From Fig. 4, the combination of CNN and LSTM only achieved a UAR of 59.87% and a WAR of 59.64% on the IEMOCAP dataset, indicating that the model was weak in distinguishing between different emotion types. The UAR of CNN-GRU was 61.26%, and the WAR was 61.37%, which were improved by 1.39% and 1.73% respectively compared to the CNN-LSTM model, and this demonstrated the superiority of GRU over LSTM. Subsequently, the UAR of the CNN-BiGRU model was 65.33%, and the WAR was 65.26%, marking a further improvement of 4.07% and 3.89% compared to the CNN-GRU model. This result demonstrated the effectiveness of using BiGRU in feature learning. Finally, the CNN-Skip-BiGRU model attained a UAR of 70.31% and a WAR of 70.88%, surpassing the CNN-BiGRU model by 4.98% and 5.62%, respectively. This result indicated that using skip connections to optimize BiGRU significantly improved the effectiveness of the model in recognizing emotions in English speech.

The CNN-Skip-BiGRU model was compared with other emotion recognition methods:

  1. (1)

    3D-CRNNs (Peng et al., 2018): a 3D convolutional recurrent neural network-based method;

  2. (2)

    attention-BLSTM-FCNs + DNN (Zhao et al., 2018): a method that combines the attention mechanism and bidirectional LSTM with a fully connected CNN to learn speech features and then utilizes a DNN to achieve sentiment prediction;

  3. (3)

    ABLSTM-AFCN (Zhao et al., 2019): an approach that integrates an attention-combined bidirectional LSTM with an attention-combined fully convolutional network.

Refer to Table 3 for the comparative results.

From Table 3, it is observed that most current emotion recognition methods were based on deep learning, and they introduced more networks or the attention mechanism to the CNN-RN model to enhance the efficacy of emotion recognition. However, these attempts did not yield satisfactory results. The attention-BLSTM-FCNs + DNN model was the least effective among the compared methods, achieving 60.10% UAR and 59.70% WAR, respectively. The ABLSTM-AFCN model performed relatively well with 67.00% UAR and 68.10% WAR, and the CNN-Skip-BiGRU model attained 70.31% UAR and 70.88% WAR, outperforming the other methods. This result indicated the reliability of the proposed method in English speech emotion identification, demonstrating its ability to distinguish between various emotions effectively.
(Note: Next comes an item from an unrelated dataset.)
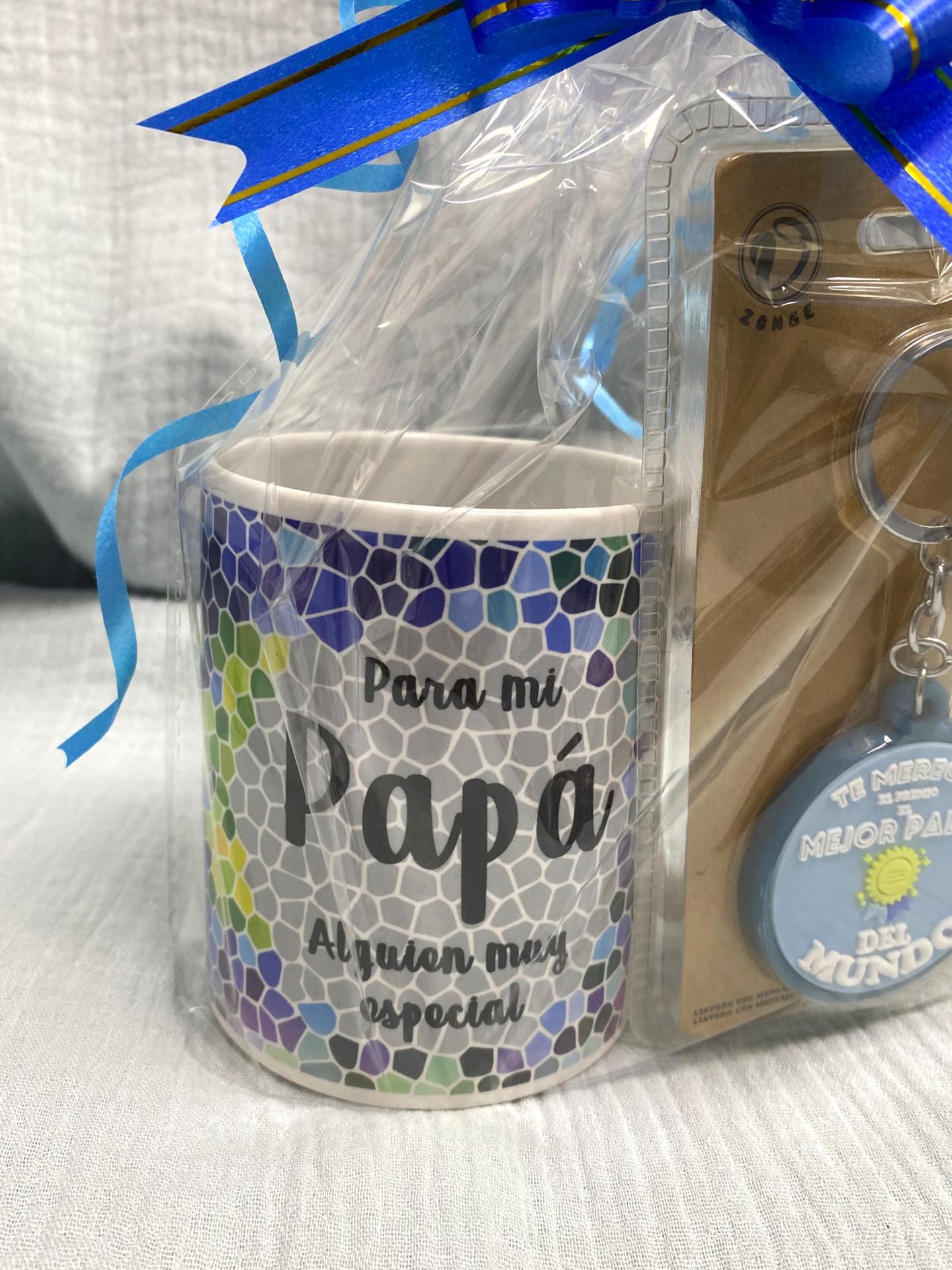 Este pack para el Día del Padre incluye una taza con el mensaje “Para mi papá, alguien muy especial” y un llavero azul con la frase “Te mereces el premio al mejor padre del mundo”.

Table 3 Comparisons with other methods

5 Conclusion

This study proposes a CNN-Skip-BiGRU model for identifying emotions in English speech, which incorporates various features as inputs. Experiments on the IEMOCAP dataset revealed that the fused feature offered an effective characterization of emotion information in diverse English languages, leading to improved emotion recognition performance. Compared to LSTM and similar models, the Skip-BiGRU structure effectively enhanced the model’s capability to distinguish between different emotions, outperforming other emotion recognition methods. These findings suggest that the designed CNN-Skip-BiGRU method holds promise for practical applications in real-world English speech emotion recognition.
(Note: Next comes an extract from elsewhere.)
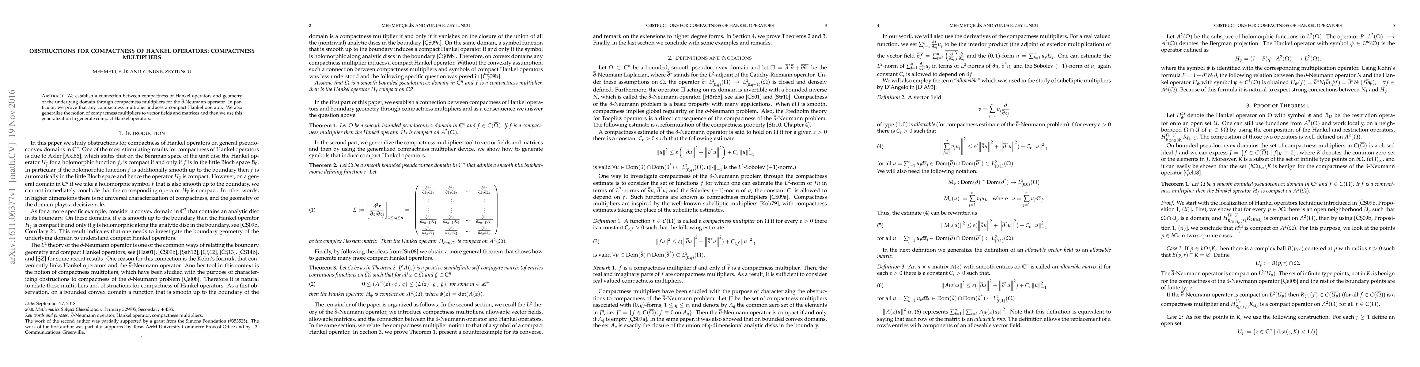 This paper connects the compactness of Hankel operators to the geometry of the underlying domain via compactness multipliers for the $\overline{\partial}$-Neumann operator. It proves that any such multiplier induces a compact Hankel operator and extends this concept to vector fields and matrices to generate compact Hankel operators.

However, this study also has some limitations. For instance, it only focuses on the recognition of four emotions in the IEMOCAP dataset and fails to further validate the practicality of the method on a wider range of languages and more diverse datasets. Therefore, future work should take into account the issue of dataset balance, verify the reliability of the proposed approach in recognizing a broader range of emotions, and conduct experiments on more extensive datasets.